Guerrilla Garden Ornaments
I can’t remember why I started pouring concrete into plastic skulls a couple months ago. I was in the garage, sorting screws, rearranging bicycles, lawn chairs and canoes. The bag of Portland Cement was shoved under a metal shelving unit I brought over from my last garage, but never put back together. My eyes went back and forth from the bag of cement to the plastic, Frankenstein head, Halloween bucket in the rafters, I spent the next couple weekends taking care of my urge to fill things with concrete. I filled Jell-o molds, pie tins and random plastic Halloween ornaments I found at the dollar store.There were moments when I thought I might be able to do something useful with them. I imagined creating ornate molds or beautiful, detailed blocks for retaining walls. I found a couple star shaped cake tins and thought about tearing out my asphalt driveway and replacing it with an intricate pattern of concrete stars. I live close to a creek and I’m sure the amount of toxic driveway runoff from my alley could be reduced if only there were a way I could convince all my neighbors to band together and protect the watershed by paying me to replace their driveways with a permeable star paver pattern. Actually, since the creek was dry most for most of the summer. I decided to put some of the concrete fish I made from an old tin mold in it, somebody carted them away the next day.

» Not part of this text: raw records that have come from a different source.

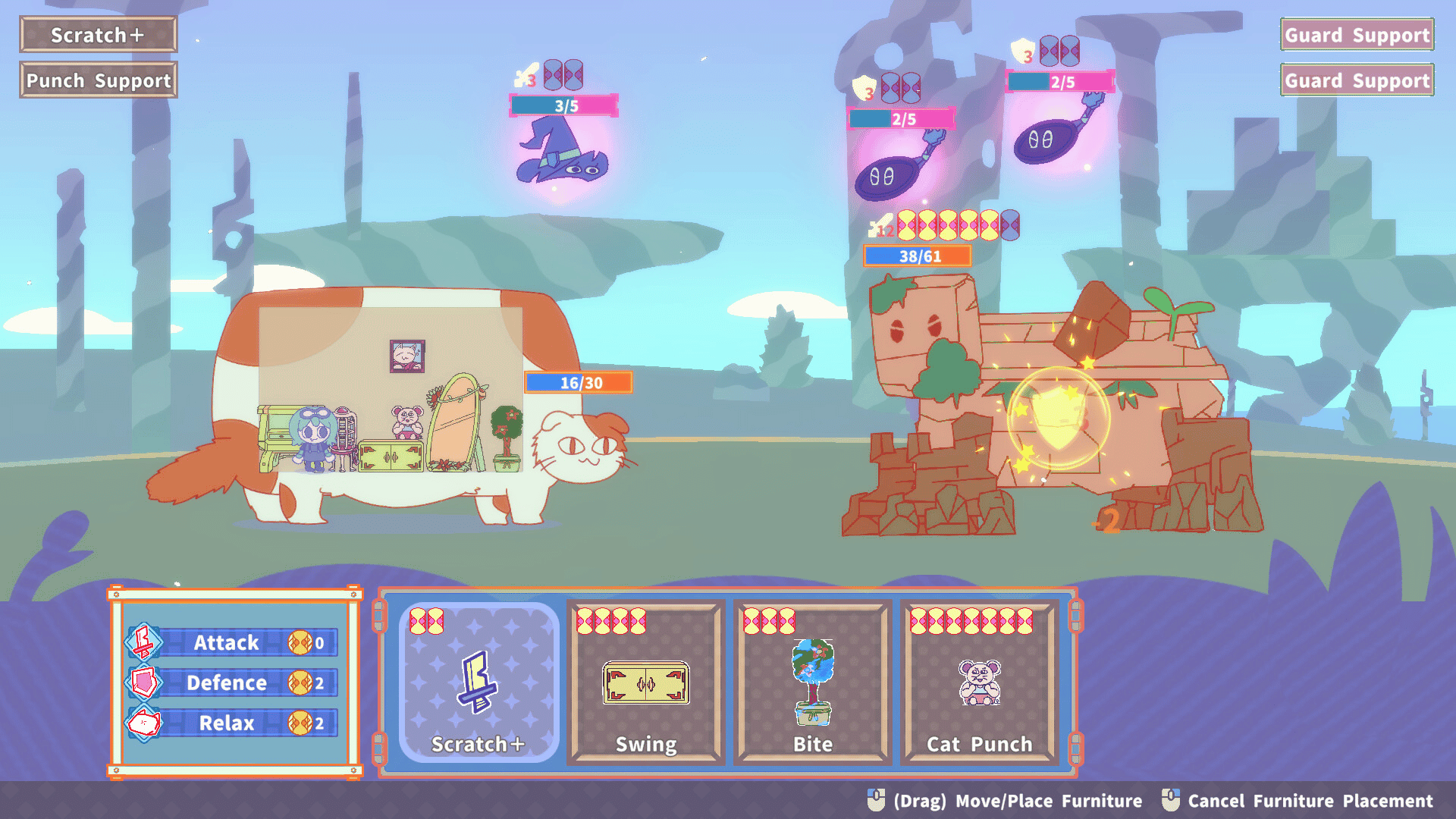Hounimal is a roguelite command battle RPG where you journey with Hounimal, a reliable companion and your home. Place colorful and powerful furniture to build the best Hounimal!
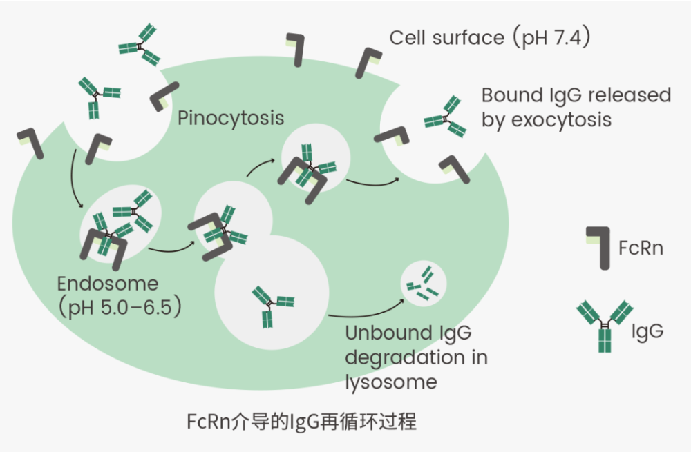 2. 开发结合抗原pH依赖的抗体。TMDD(靶点介导的药物处置模型)消除快,半衰期短,导致血浆/血清抗体浓度低。开发pH敏感抗体成为克服TMDD消除快的可能。在这个模型下,抗体与抗原结合后内化至细胞的核内体中,pH6的酸性环境下抗体与抗原解离,抗体被FcRn转运回血浆,抗原则被细胞降解。
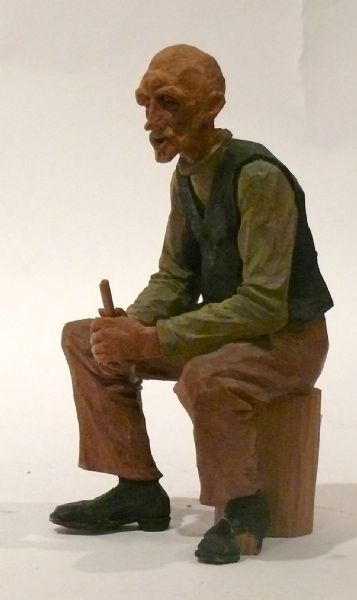 Trä, delvis bemålat. Äldre man i mörk väst
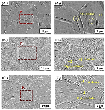 (A1)原样;(A2)图2 (A1) P1放大;(B1)时效样品;(B2)P2放大(B1);(C1)腐蚀试样;(C2) P3放大

In less than a month I had more than forty little garden ornaments and they were beginning to take up a space in the garage that I had hoped to clear out. I started giving them away. My next door neighbor was trying to get me to sell them in her garage sale, but I went out of town that weekend. I gave her one of my concrete feet and she stuck it in her garden. I asked the neighbor on the other side if he’d like a concrete ball I made from an old light fixture’s broken globe and he put it out in the alley next to his garage. I really liked seeing my little concrete things greeting me from the neighbor’s yards on my way home.I would have filled my own garden up, but for some reason the objects seem to clash with my landscaping. I’ve used a variety of broken concrete balusters, birdbath pedestals and decorative ornamentation from old buildings on a slope down to the sidewalk and for some reason shiny new concrete skulls, feet, fish and cake molds just didn’t look right among my found objects. I was coming home from the light rail station one sunny Saturday when I noticed a nice big tree hole from the sidewalk. It was just big enough for one on my concrete skulls. I still haven’t found the right tree holes for the other three or four skulls in my garage, but I have found nice little nooks, crannies and granny gardens for all my other pieces. I don’t think the neighbors mind. Some people have moved them to more prominent places in their garden.I may still get around to using the star Jell-o mold to make pavers for my drive or sidewalk next spring, but putting the things you make in other peoples yards can be almost as much fun as placing them in your own.